Обалдевший от свалившейся беды, уже воспринятой мною как полноразмерное горе, я открыл квартиру и, совершенно опустошенный, уселся на тумбочку у двери. Что было дальше, вплоть до середины ночи, когда я, не раздеваясь, рухнул в полупустую постель, мне не запомнилось.
14
Оставшаяся неделя моего отпуска «без содержания», организованная по моей просьбе товарищами по кафедре сразу, как только наша история началась, зафиксировалась в моем сознании весьма туманно. Помню только, что всякий день я пытался проводить рядом с тобой в больнице, и в этом, помимо моего стремления ежеминутно видеть тебя, была и практическая необходимость: я кормил тебя из ложки, поил через трубочку, чтобы не приходилось приподнимать голову… Да что вспоминать – всё теперь лежало на мне, поскольку делать это кому-то другому, даже если оно входило в круг его служебных обязанностей, судя по всему, не хотелось, а допустить, чтобы ты в немощном состоянии хотя бы на минутку осталась без поддержки, я не мог.
Дома я что-то стирал для тебя, гладил, покупал какие-то творожки и йогурты, даже пылесосил и протирал полы, и делал это лишь потому, что раньше ты меня всегда поругивала за нелюбовь к подобной домашней работе, а теперь мне казалось, будто ты порадуешься, даже не зная о нынешних моих чудачествах.
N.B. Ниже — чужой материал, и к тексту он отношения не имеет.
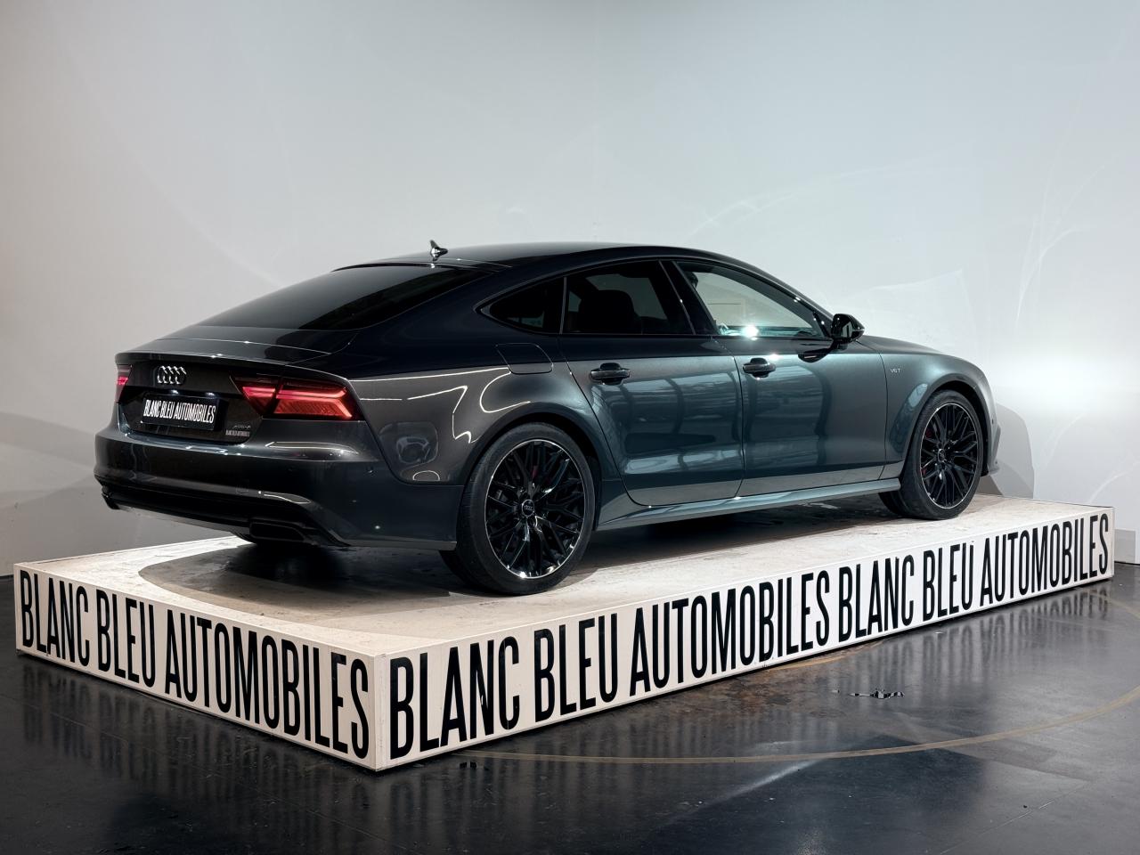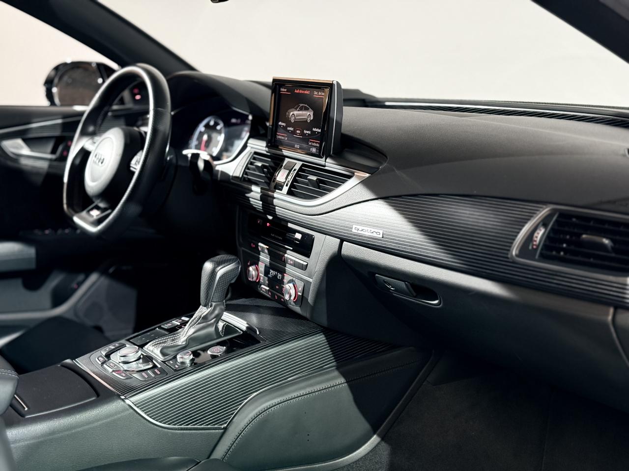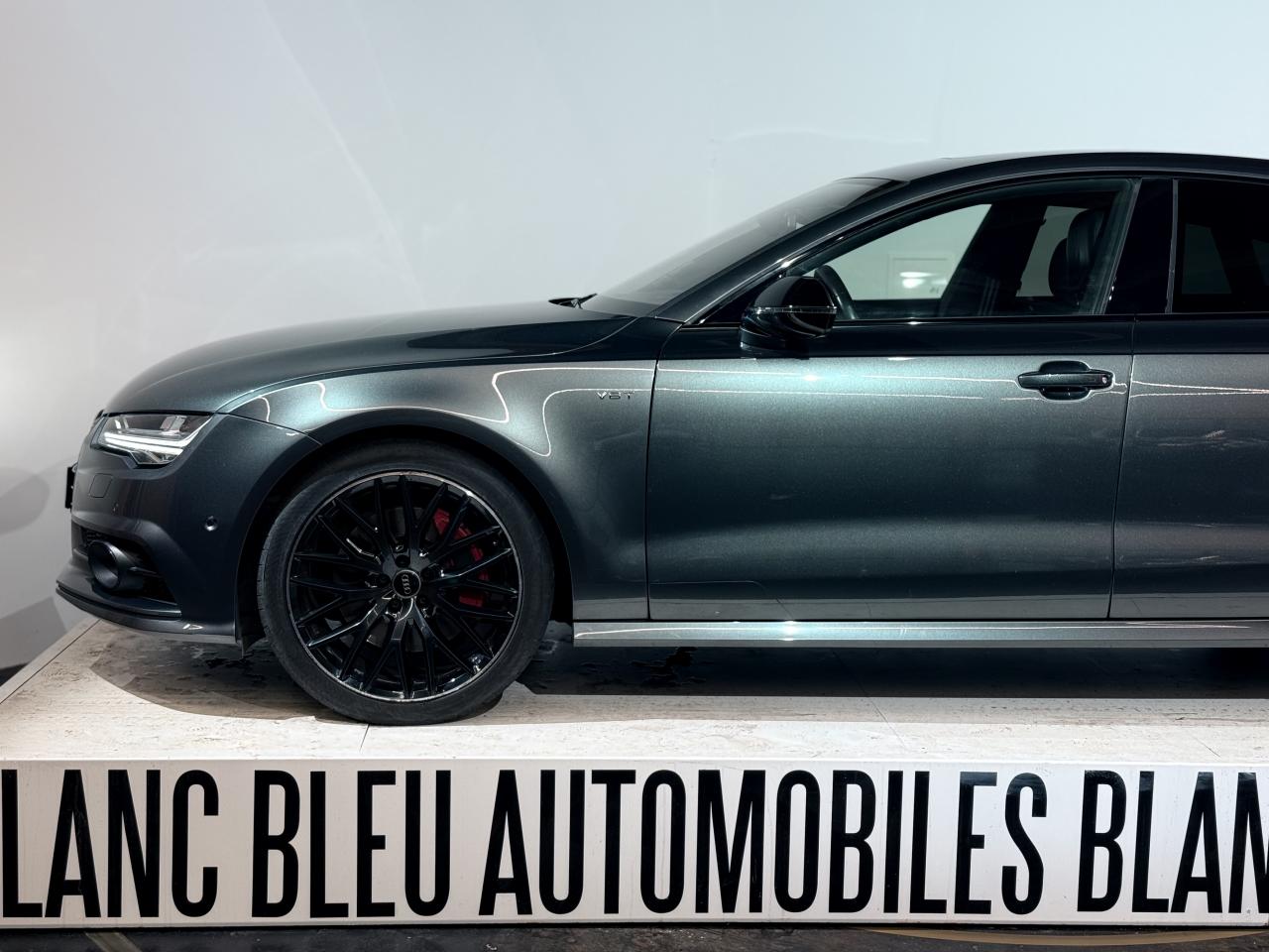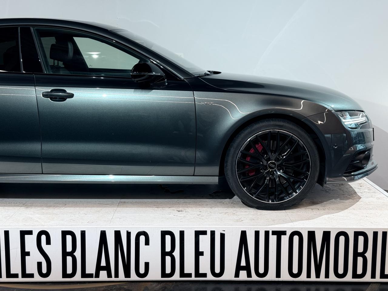 ABS (antiblocage de roue) avec répartiteur de freinage EBV et assistance hydraulique au freinage d'urgenceAccoudoir central avant en cuirAccoudoir central avant pour conducteur et passager avant, avec 2 porte-boissons intégrésAirbags conducteur et passagerAirbags frontaux conducteur et passager grand volume, à deux niveaux de gonflement suivant la gravité du choc, latéraux avant et arrière intégrés aux dossiers des siègesApplications aluminium autour des diffuseurs d'air, de l'écran MMI, sur la commande du frein de stationnement électromécanique et les lève-vitresApplications décoratives en bois noir (Chêne Beaufort) avec inserts en aluminiumAppuie-tête avant et arrièreASR (antipatinage) pour une motricité et une rigidité transversale optimales. Réduit le patinage des roues motricesAudi Drive Select avec mode «efficiency»Audi Hold Assist, maintient le véhicule à l'arrêt, aussi bien en côte qu'en descente, sans limite de tempsAudi Music InterfaceAudi Park AssistAudi Parking System Plus avant et arrièreAudi pre senseAudi sound system : amplificateurs à 6 canaux, 10 haut-parleurs dont un central dans le tableau de bord et subwoofer dans le coffre.Puissance totale 180 WBanquette arrière : trois places, rabattable 40/60Becquet arrière asservi à la vitesseBoîte à gants grand volume, éclairée et verrouillableCapacité du réservoir : 73 litresCarrosserie hybride en aluminium (capot moteur, hayon, portières et ailes)Ceintures de sécurité trois points à enrouleur à toutes les places avec prétensionneur réversible, limiteur de tension et réglage en hauteur à l'avantCendrier et allume-cigare éclairés à l'avant et à l'arrièreChâssis Sport : suspensions et amortisseurs dynamiques, abaissement de 10 mmCiel de pavillon en tissu noirClignotants arrière dynamiques à LEDClignotants arrière et clignotants intégrés aux rétroviseurs extérieurs à diodes électroluminescentesClimatisation automatique confort avec ventilation indirecteCoffre à bagages à ouverture et fermeture automatiquesCoffre à bagages grand volume, avec filet mixte, oeilletons de fixation, filet à bagages sur le côté droit du coffre et 1 prise 12 voltsColonne de direction réglable en hauteur / profondeurContrôle de la pression des pneus avec signaux acoustique et visuel de perte de pressionCoques de rétroviseurs noiresCouleur des ceintures assortie à celle de l'habitacleDémarrage et arrêt du moteur par simple impulsion sur le bouton moteur "Start/Stop engine" intégré à la console centrale, nécessite simplement d'avoir la clé sur soiDétecteur de pluie et de luminosité incluant rétroviseur intérieur jour/nuit automatiqueDétecteur de port de ceinture avec signaux acoustique et visuel à l'avantDirection électromécanique à assistance variable (asservie à la vitesse)Direction servotronicEclairage de la plaque minéralogique arrière à LEDEclairage intérieur à temporisation à l'avant et à l'arrière avec contacteurs sur toutes les portières, configurable par MMIEcrous antivolEDS (blocage électronique de différentiel)ESC (programme électronique de stabilisation)Etriers de frein rougesFeux de freinage adaptatif (déclenchement des feux de détresse automatique)Feux diurnes, feux stop et clignotants arrière à LED, 3e feu stop surélevé ; 2 feux de recul blancs et 2 feux antibrouillard arrièreFixations pour sièges enfant ISOFIX aux places extérieures arrièreFrein de stationnement électromécanique avec fonction Hold Assist, désactivation automatique au démarrage et fonction frein de secours sur les quatre roues durant la marcheGestionnaire de batterie, commande à l'aide de capteurs une alimentation électrique optimale du véhicule durant la marche et à l'arrêtIdentification du modèle et de la technologie sur la malle arrière ainsi qu'inscription quattro sur la calandre et sur le tableau de bord côté passagerInscription « V6T » sur les ailes avantInterface Bluetooth avec Bluetooth AudiostreamingJantes en aluminium 5 branches en W contrastées noires 265/35 R20Livre de bord avec étuiLunette arrière dégivrante, avec minuterieNavigation MMI avec carte SD 8Go incluseOrdinateur de bord (écran monochrome)Pack EclairagePack Esthétique noirPack extérieur S linePare-brise en verre feuilleté athermique teinté vertPare-soleil conducteur et passager avant rabattables et orientables avec miroir de courtoisie éclairé et occultablePeinture métallisée ou nacréePhares avant intégralement à LEDPommeau de levier de vitesses en cuir perforé avec surpiqûres gris jetPréparation pour crochet d'attelageProtections latérales anticollisionRégulateur de vitesseRétroviseurs extérieurs électriques et à mémoire, dégivrants et rabattables avec clignotants à LEDRoue de secours type galette avec cric de levageSécurité enfants sur le verrouillage des ceintures à enrouleur côté passager avant et à l'arrièreSécurité enfants sur les portières et les vitres électriques arrièreSellerie cuir de haute qualité Valcona avec logo S line ; cuir souple et grainage finSeuils de portes avec inscription "quattro"Sièges avant à réglages électriques avec fonction mémoire pour siège conducteur. Inclut appuis lombaires électriquesSièges avant sportSignal sonore pour oubli d'extinction des feuxSorties d'échappement noir brillantSupports lombaires électriquesSystème Start/ Stop avec récupération d'énergie de freinageTélécommande de verrouillage centralisé à fréquence radio avec ouverture/fermeture confort pour les vitres électriques, le coffre et la trappe à carburantTémoins de contrôle pour airbags, ESC/ASR, adaptive air suspension, EDS, frein de stationnement électromécanique, régulateur de vitesse, feux de route,feux arrière antibrouillard, clignotants, électronique moteur et protection antidémarrageTapis de sol complémentaires avant et arrière dans la couleur de la moquetteTransmission intégrale permanente quattroTriang

Я всё делал как автомат, с туманной головой, которую сам каким-то образом поддерживал в странном для себя состоянии, поскольку оно мешало разыгрываться моему необузданному воображению. Не думать ни о чём было бы легче, но у меня так не получалось. Особенно трудно оказывалось к вечеру, когда становилось невозможно не замечать заправленную мною твою половину кровати, твои расчески, косметические баночки, бутылочки и тюбики, комнатные тапки и прочие многочисленные вещицы, встречающиеся в нашей квартире повсюду, тесно связанные именно с тобой и вызывающие воспоминания. Я постоянно занимал себя какими-то делами, отвлекающими сознание, но к вечеру валился вымотавшимся на диван перед телевизором и, тупо уставившись в этот магически притягивающий всех вредоносный ящик, думал о своем, конечно же, о тебе, о нас.